Date of Award

1981

Degree Type

Thesis

Degree Name

Departmental Honors

First Advisor

H. Preston Thomas

Abstract

In the early fifties, the television media sought to cover criminal trials with television cameras. A few states allowed some television coverage, but they were a minority. One of these states, Texas, made constitutional history when it allowed the television coverage of the criminal trial of Billie Estes in 1962. The case had been appealed all the way to the Supreme Court, where his conviction had been reversed because of the television coverage of his trial. The Supreme Court's holding in that case had been rather ambiguous because one justice in the five - man majority, while agreeing with the result reached by the other four justices, disagreed with the scope of their decision.

Despite the ambiguity of the Estes decision, the period of time following the 1965 decision to the mid-seventies was characterized by the prohibition of televised trials by most states.
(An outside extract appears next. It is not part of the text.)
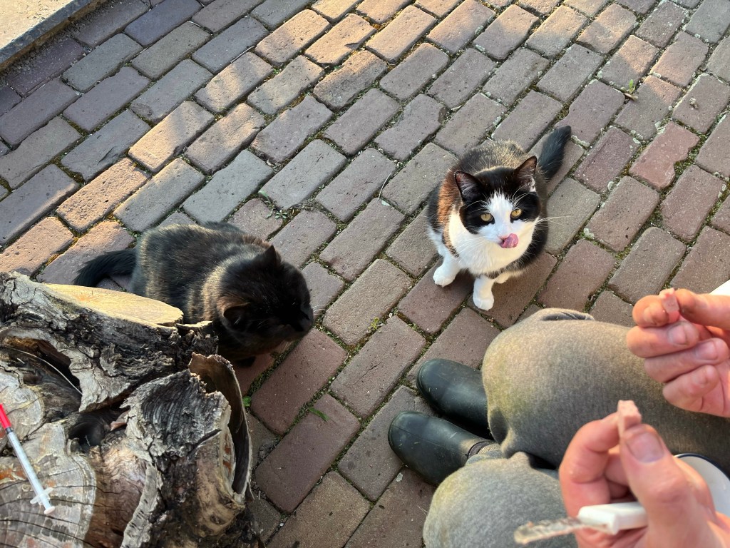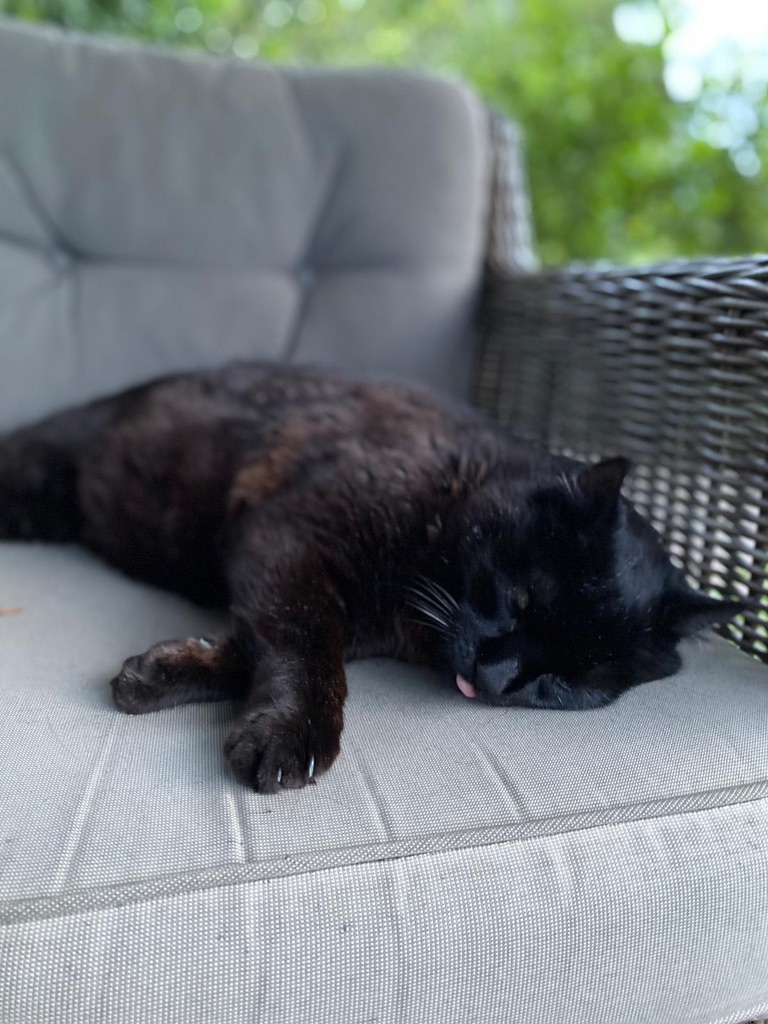 Maar hij gaf er een zomer vol liefde voor terug. ’s Morgens zat hij ons meestal op te wachten. Wanneer we in de tuin bezig waren bleef hij altijd in de buurt voor een aai of een kletsmomentje. Wanneer we buiten zaten nam hij of een stoel in beslag naast die van ons of hij klom op schoot. Toen hij dat nog kon althans. Later tilden we hem op zodat hij er toch bij kon zijn. Hij kon dan heerlijk knorren. Of rollen in het kattenkruid in het perkje naast onze stoel. Wanneer we een ijsje namen keek hij ons net zolang aan tot we hem het laatste restje lieten oplikken. Wanneer hij iets lekkers wilde keek hij je strak aan en begon hij met zijn tong over zijn mond te likken. Dieren kunnen echt wel praten. En hij werd een trouwe vriend van Maudje.

Only Colorado and Texas allowed televised trials during this period, and Texas gave in to pressure from TV trial critics and banned televised trials in 1976. The post- Estes latency period ended in 1975 when several states began allowing televised trials. Unlike the televised trials of the previous era, these new televise d trial programs were carefully laid out ahead of time under the auspices of the highest court in each state. By 1980, more states allowed televised trials than didn't . This explosion in televised trials was condoned by the United States Supreme Court in 1981 decision in Chandler v Florida.
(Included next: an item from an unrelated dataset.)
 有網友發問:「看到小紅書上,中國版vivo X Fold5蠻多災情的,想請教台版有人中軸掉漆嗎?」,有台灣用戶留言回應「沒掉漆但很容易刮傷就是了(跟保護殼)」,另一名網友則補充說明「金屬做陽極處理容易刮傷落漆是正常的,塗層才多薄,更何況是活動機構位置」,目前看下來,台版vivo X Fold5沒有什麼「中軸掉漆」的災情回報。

Thus, televised trials have been allowed in two periods: an early period during the fifties and early sixties and the present period which began in the mid - seventies. The one exception to this two - period analysis of televised trials is Colorado which adopted its present program of televised trial in 1956. Colorado is unusual in another respect. Although it was one of the first states to allow televised trials, it adopted a program more like the present state programs than the sporadic experimental trials of the fifties and sixties.